-- Material to process follows --
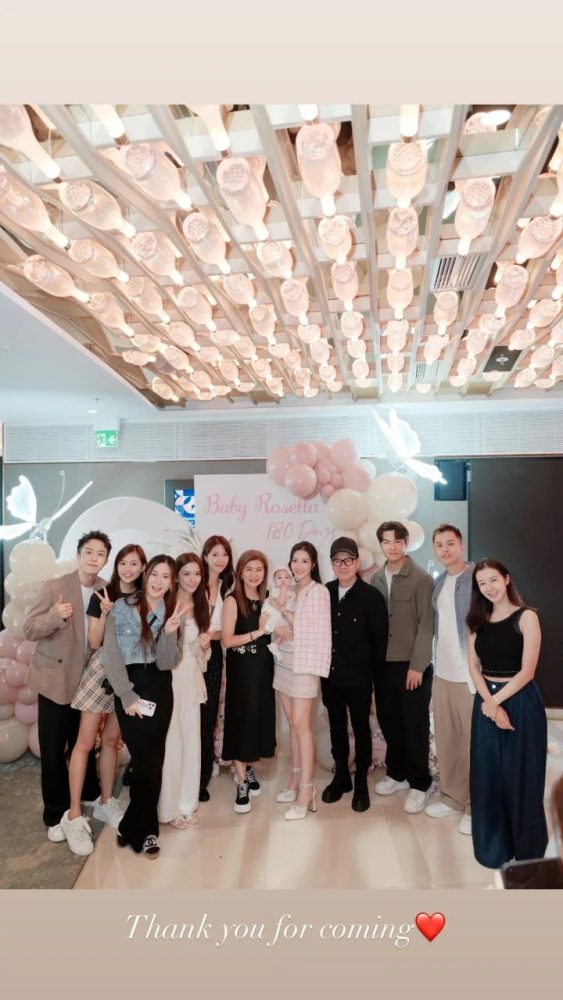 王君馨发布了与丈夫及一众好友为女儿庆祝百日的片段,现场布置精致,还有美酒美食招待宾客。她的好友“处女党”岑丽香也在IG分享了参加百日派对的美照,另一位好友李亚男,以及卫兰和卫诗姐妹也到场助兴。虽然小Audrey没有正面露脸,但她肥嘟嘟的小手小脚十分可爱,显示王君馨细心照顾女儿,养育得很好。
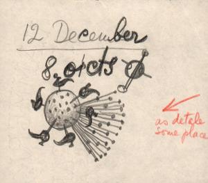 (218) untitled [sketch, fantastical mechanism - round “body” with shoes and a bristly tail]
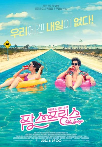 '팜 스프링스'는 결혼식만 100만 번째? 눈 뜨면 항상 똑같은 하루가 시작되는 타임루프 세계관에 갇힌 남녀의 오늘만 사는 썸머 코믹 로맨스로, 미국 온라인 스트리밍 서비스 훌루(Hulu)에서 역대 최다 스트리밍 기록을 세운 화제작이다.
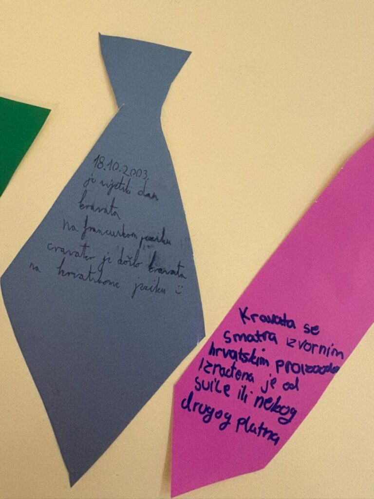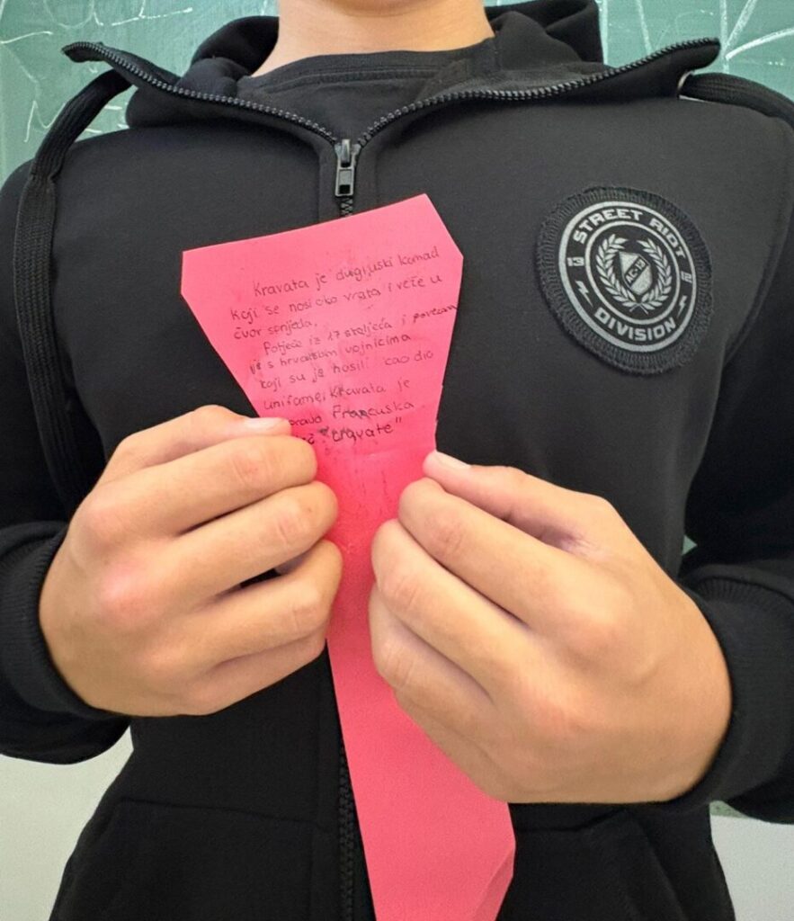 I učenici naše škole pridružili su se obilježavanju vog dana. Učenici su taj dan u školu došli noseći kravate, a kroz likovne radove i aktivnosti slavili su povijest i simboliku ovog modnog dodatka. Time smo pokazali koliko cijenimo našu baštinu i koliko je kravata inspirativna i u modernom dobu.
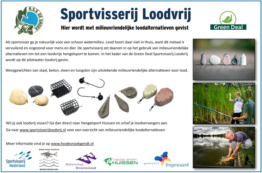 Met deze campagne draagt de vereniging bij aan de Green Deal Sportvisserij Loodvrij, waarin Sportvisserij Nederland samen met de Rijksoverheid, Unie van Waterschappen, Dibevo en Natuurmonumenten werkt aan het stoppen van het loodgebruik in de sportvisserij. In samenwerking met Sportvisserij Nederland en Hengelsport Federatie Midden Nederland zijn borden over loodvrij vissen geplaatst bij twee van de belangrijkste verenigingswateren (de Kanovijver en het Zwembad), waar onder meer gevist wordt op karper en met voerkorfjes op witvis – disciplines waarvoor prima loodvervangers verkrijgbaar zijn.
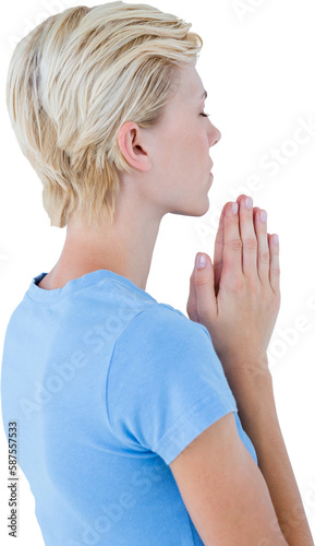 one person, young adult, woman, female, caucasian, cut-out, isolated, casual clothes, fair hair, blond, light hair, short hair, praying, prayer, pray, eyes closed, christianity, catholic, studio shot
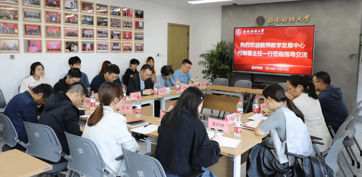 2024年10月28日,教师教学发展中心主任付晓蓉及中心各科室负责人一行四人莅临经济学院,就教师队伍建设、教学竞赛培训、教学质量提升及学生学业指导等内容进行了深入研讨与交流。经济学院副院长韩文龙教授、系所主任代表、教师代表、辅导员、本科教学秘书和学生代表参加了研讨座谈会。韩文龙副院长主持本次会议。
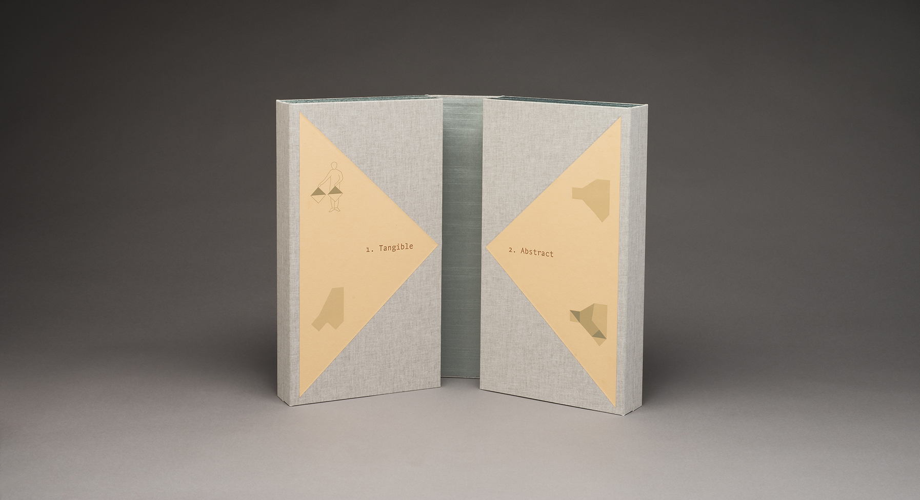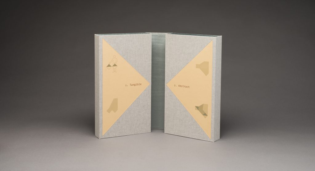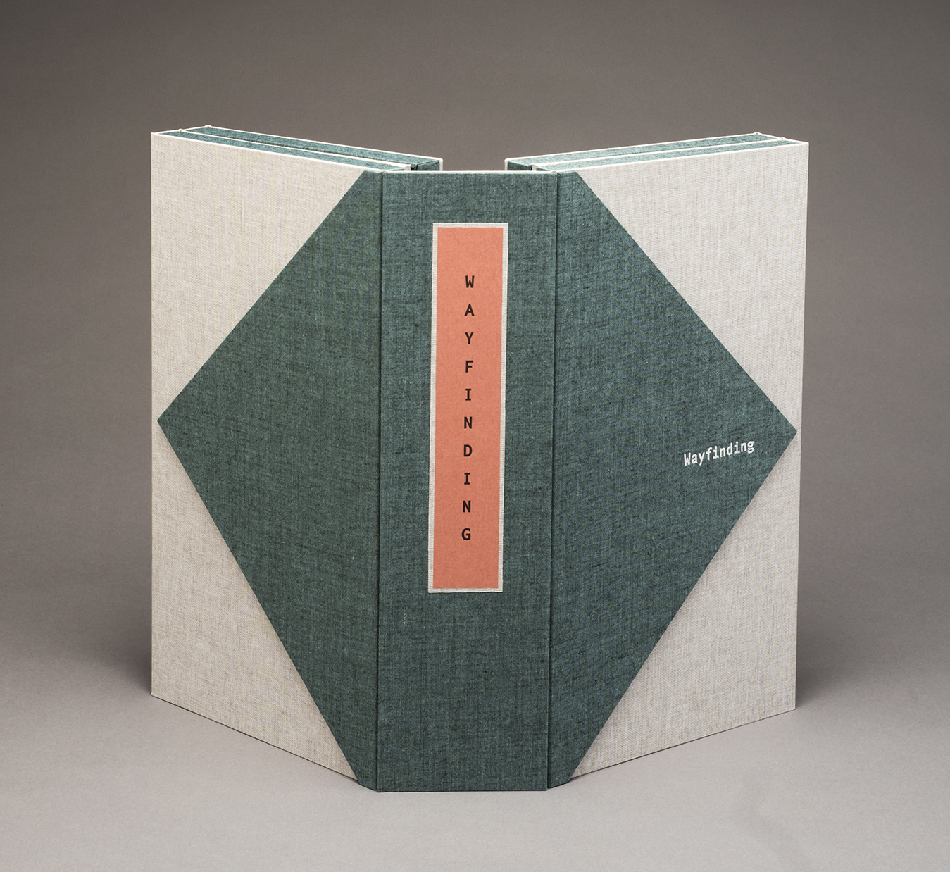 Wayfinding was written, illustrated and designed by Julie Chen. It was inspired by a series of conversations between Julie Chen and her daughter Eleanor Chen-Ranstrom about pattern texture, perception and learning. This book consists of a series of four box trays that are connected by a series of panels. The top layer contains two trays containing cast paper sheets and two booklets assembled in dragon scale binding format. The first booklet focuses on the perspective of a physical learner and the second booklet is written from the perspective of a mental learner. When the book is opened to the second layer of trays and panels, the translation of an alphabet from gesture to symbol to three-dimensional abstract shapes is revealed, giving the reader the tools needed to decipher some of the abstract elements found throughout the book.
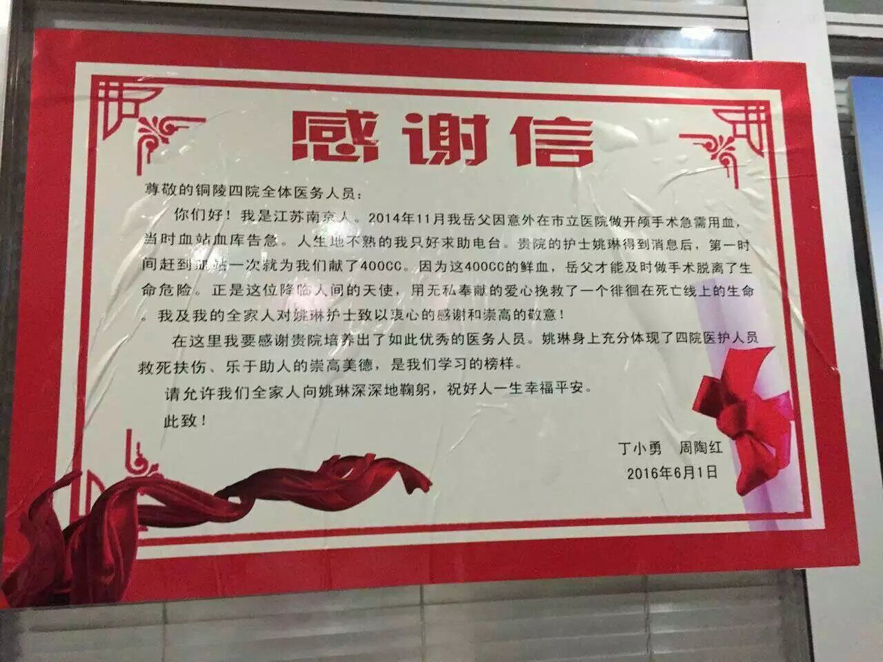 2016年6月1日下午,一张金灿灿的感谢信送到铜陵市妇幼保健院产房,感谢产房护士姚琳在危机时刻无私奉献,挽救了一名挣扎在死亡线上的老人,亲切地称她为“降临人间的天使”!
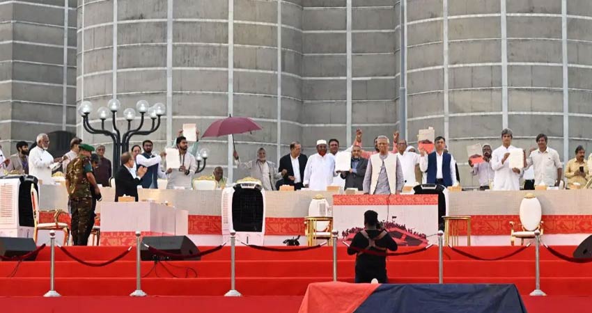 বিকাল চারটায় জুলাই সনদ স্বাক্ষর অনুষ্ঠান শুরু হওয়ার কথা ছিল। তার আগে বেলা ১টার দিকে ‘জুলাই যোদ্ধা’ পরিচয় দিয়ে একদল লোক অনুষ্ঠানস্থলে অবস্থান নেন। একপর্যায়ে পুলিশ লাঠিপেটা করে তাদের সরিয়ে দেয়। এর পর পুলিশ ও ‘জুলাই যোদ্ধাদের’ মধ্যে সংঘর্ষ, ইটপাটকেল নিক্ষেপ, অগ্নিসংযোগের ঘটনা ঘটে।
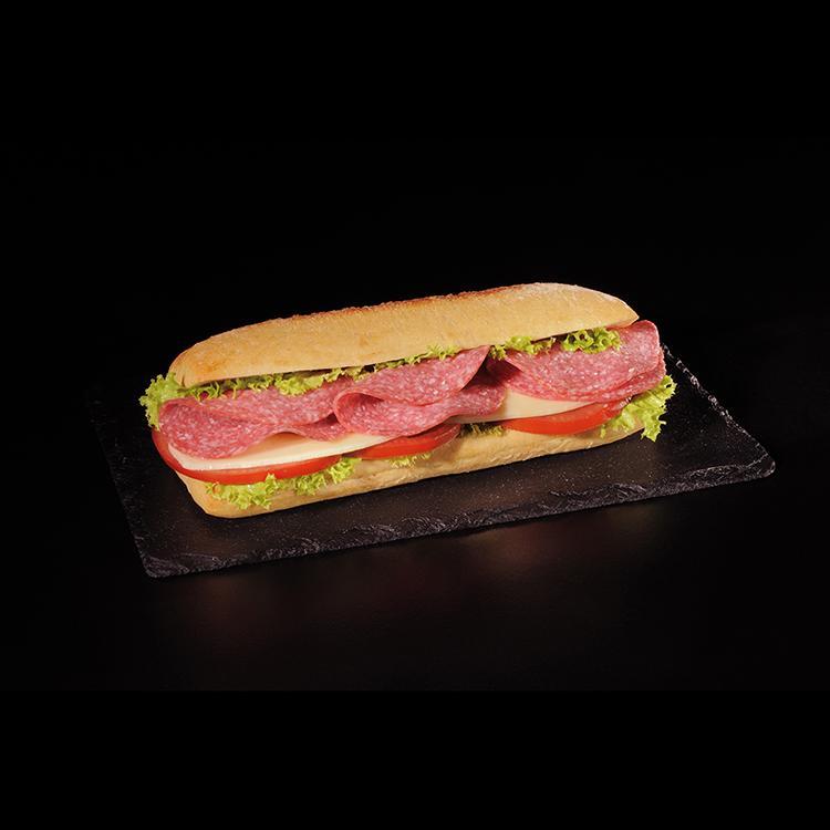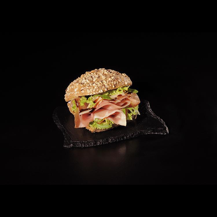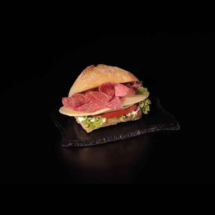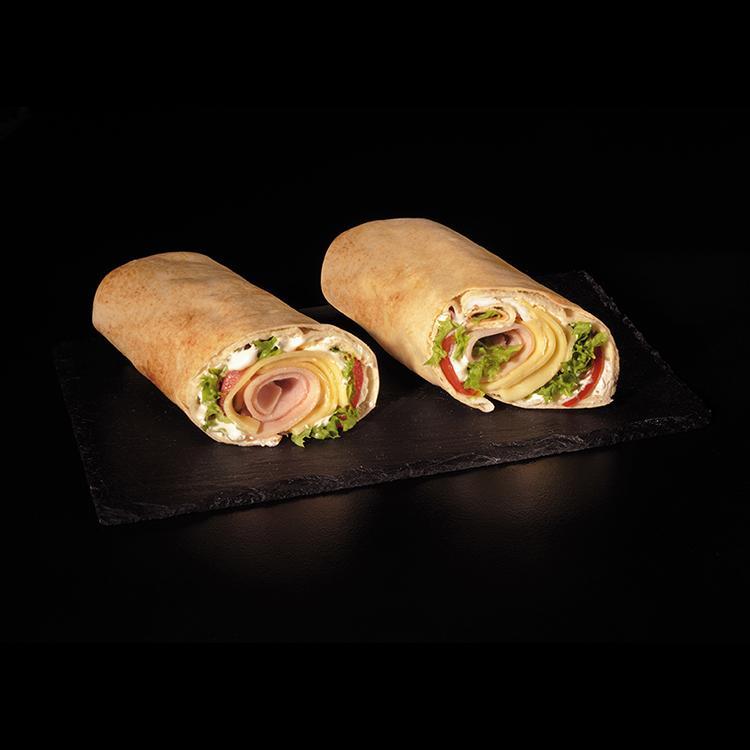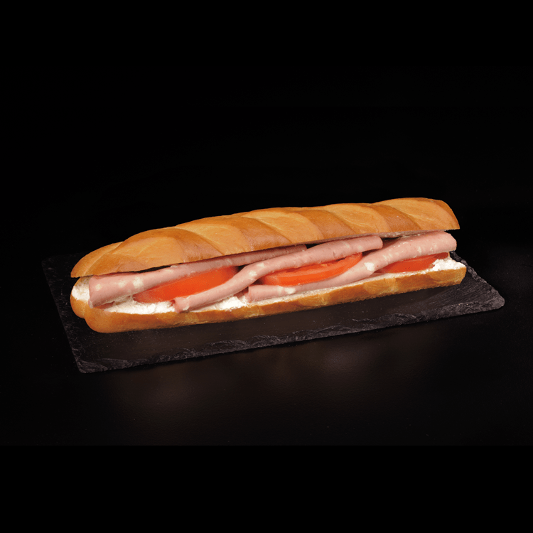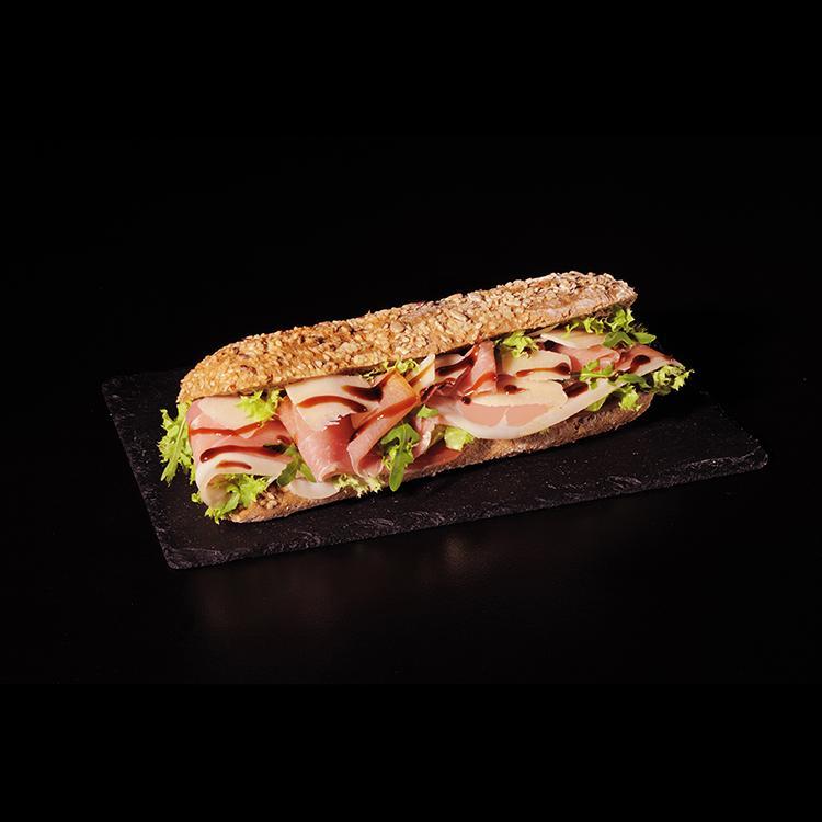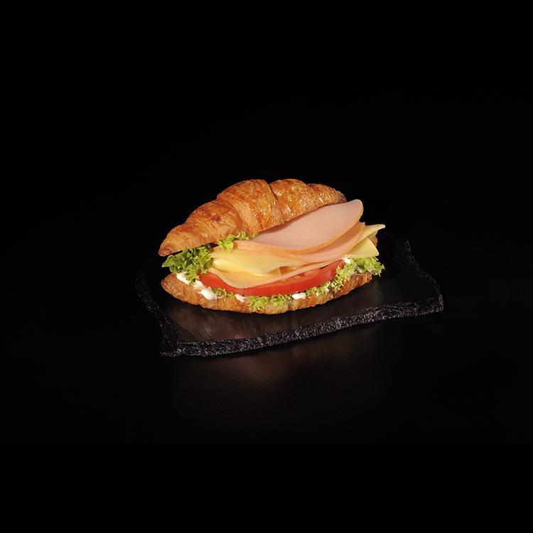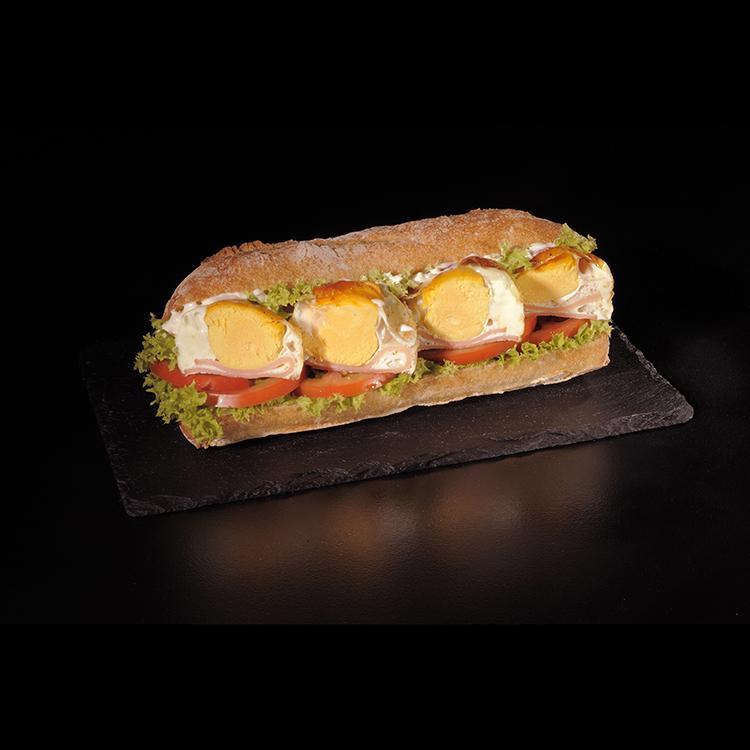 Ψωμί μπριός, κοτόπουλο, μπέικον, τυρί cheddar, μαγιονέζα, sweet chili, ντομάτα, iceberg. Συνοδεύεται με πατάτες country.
-- Material to process concluded --
Task brief ->
Exactly repeat the material from its first line through the line with "기록을 세운 화제작이다.", including both, and leave the pictures and everything else out.

Answer section ->
 王君馨发布了与丈夫及一众好友为女儿庆祝百日的片段,现场布置精致,还有美酒美食招待宾客。她的好友“处女党”岑丽香也在IG分享了参加百日派对的美照,另一位好友李亚男,以及卫兰和卫诗姐妹也到场助兴。虽然小Audrey没有正面露脸,但她肥嘟嘟的小手小脚十分可爱,显示王君馨细心照顾女儿,养育得很好。
 (218) untitled [sketch, fantastical mechanism - round “body” with shoes and a bristly tail]
 '팜 스프링스'는 결혼식만 100만 번째? 눈 뜨면 항상 똑같은 하루가 시작되는 타임루프 세계관에 갇힌 남녀의 오늘만 사는 썸머 코믹 로맨스로, 미국 온라인 스트리밍 서비스 훌루(Hulu)에서 역대 최다 스트리밍 기록을 세운 화제작이다.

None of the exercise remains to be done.